In the same year it also decided that, until such time as suitable buildings could be erected, students should be sent to Concordia College and Seminary in St. Louis, and that a Norwegian professorship should be established there. The first three students went to St. Louis in 1858, and five more followed the next year.
The Norwegian professorship was filled in 1859, when Rev. Laur. Larsen was appointed, entering officially upon his duties October 14, 1859. Hence October 14 was designated as Founders' Day by the college.
With the outbreak of the Civil War, disorders arose in St. Louis; Concordia College and Seminary closed in April, 1861; and Professor Larsen and students returned home. At its meeting in June 1861, the church decided to proceed at once to establish its own college.

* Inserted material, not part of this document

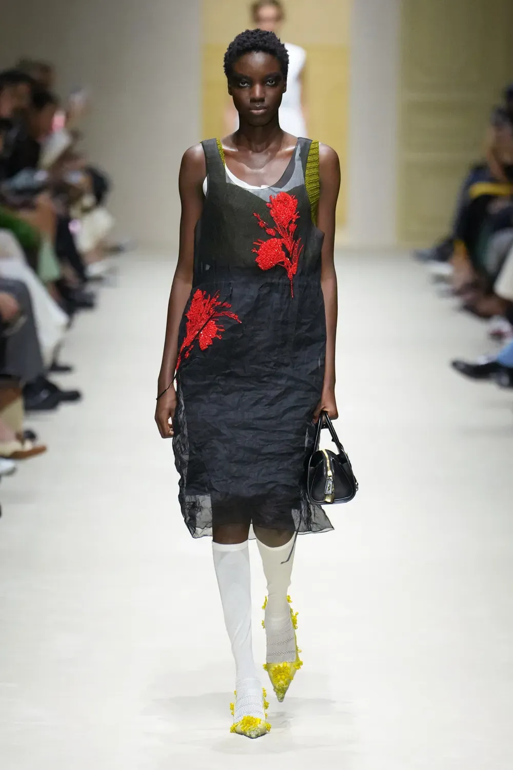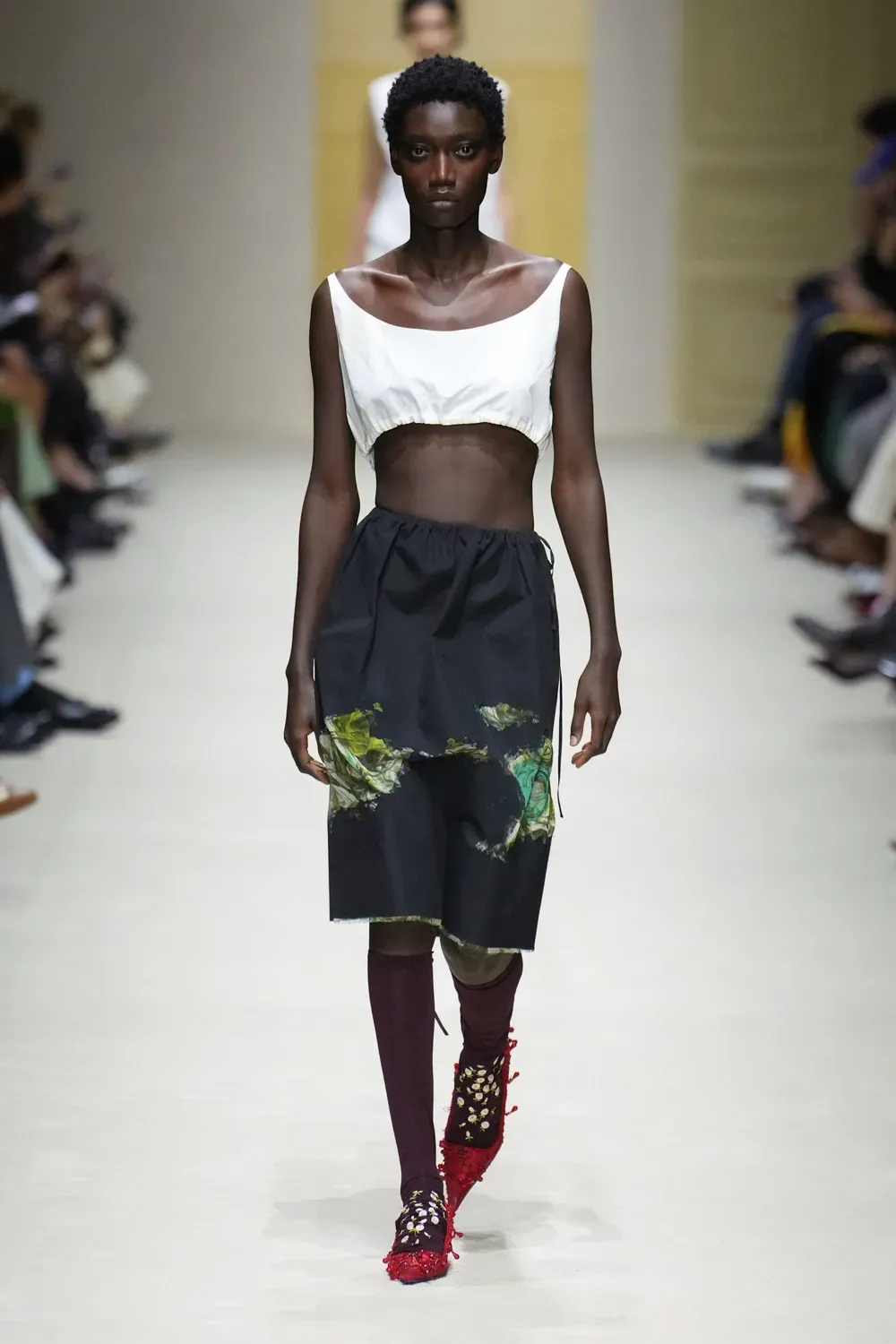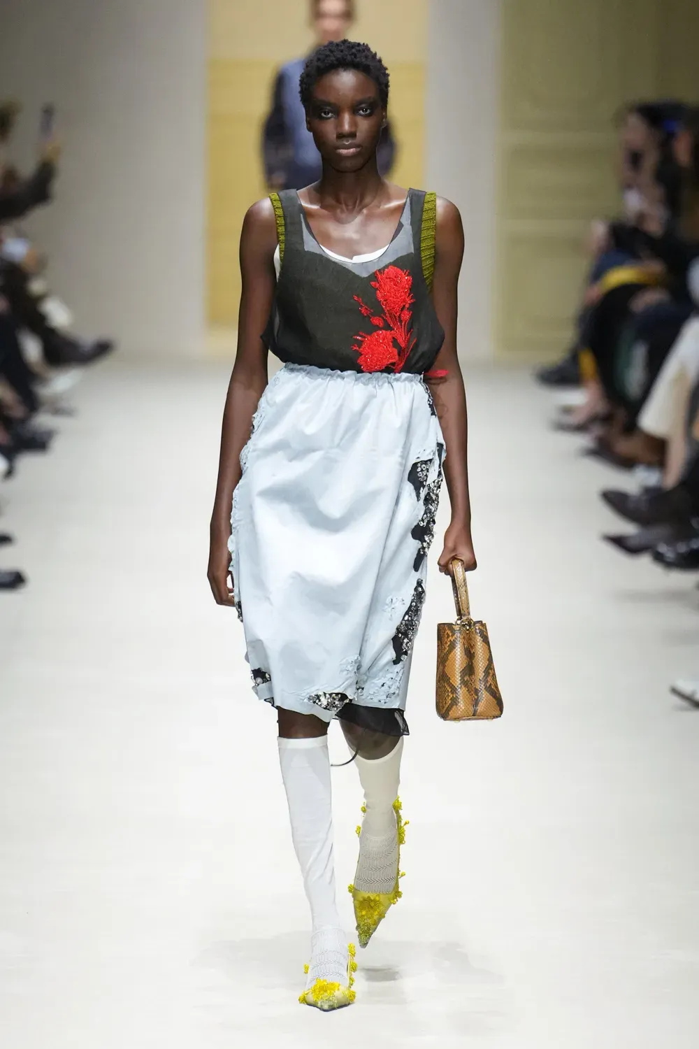 Sempre di più, stagione dopo stagione, Prada sembra tornare a riflettere non tanto sul passato ma sul rapporto che noi abbiamo con esso, sull’influenza che ha su di noi la percezione di un passato sempre più ineludibile e, per certi versi, discorde e frammentario. Aggettivi che potremmo usare anche per la nostra cultura e coscienza collettiva oltre che per le nostre identità personali, sempre più scollate dal tessuto connettivo che un tempo era la vita sociale e comunitaria.

In August, although a building in Decorah had been rented and partially renovated, college authorities decided to make use of a newly erected vacant parsonage at Halfway Creek, Wis., about 13 miles north of La Crosse. There the school opened on September 1, 1861, with two teachers, Laur. Larsen and F. A. Schmidt. Larsen and Schmidt also served as pastors for the immigrants then living in the area. The enrollment for the year was 16.
In the summer of 1862 the school was transferred to Decorah; its first home was the building, still standing, at the northwest corner of Winnebago and Main streets. The first building on the college campus was "Main," dedicated October 14, 1865.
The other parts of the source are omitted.